We have the money, we have the foster, they just need to be pulled. 

It's on facebook:Login | Facebook

message me for my phonenumber if you are willing to help.


----------



## Mrs.K

Turns out the two year old is not the moma dog, she just came in the same time. Still needs to be pulled though.


----------



## WarrantsWifey

Thats out in California right?! I wish I could help!  Hopefully they get pulled to safety!


----------



## Mrs.K

Yeah, it's in California. 

There are quite a few people involved by now, trying to get these guys pulled. They are way to young to die and since I now have a way to keep mine separated from fosters, I am willing to do it.

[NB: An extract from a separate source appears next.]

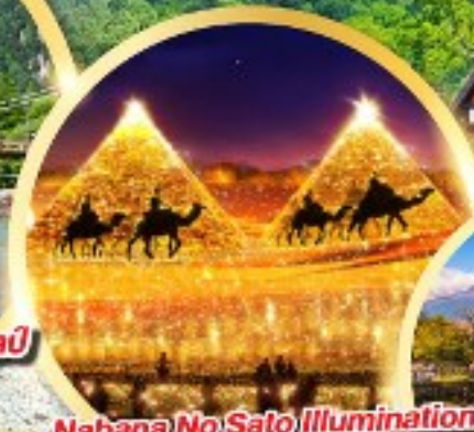
Nabana No Sato Illumination

I have the time and space. Let's just hope they can be pulled in time. 

We also need help with transportation from Los Angeles to Pennsylvania. I can drive to Pennsylvania to pick them up from there. That is not an issue at all.


----------



## DharmasMom

Have you contacted Coastal German Shepherd Rescue? They may be able to help with the pulling and have ideas on transport. That is a REALLY long transport though and going to be tough to coordinate. GOOD LUCK!! Thank you for wanting to help these guys they are beautiful dogs!


----------



## KZoppa

Good luck Mrs. K. Keep us posted! Wish i could help.


----------



## Rerun

I'm involved in transports for a couple rescues that have already passed thorough checks through the coordinator we will transport for. We frequently provide overnights as well, and can tell you that will be a very difficult transport to get filled and coordinated, just having seen how tough it can be to fill the smaller ones and especially the two day ones. You will definitely need a reputable local foster who can pull them and get them vetted. They will need to see a vet before transport because they'll need health certificates to cross state lines. Also, many transporters don't have room or want to transport three large dogs, so that will add an extra level of difficulty. With the insane gas prices, it's expensive to take large vehicles and many people don't even keep the larger vehicles anymore.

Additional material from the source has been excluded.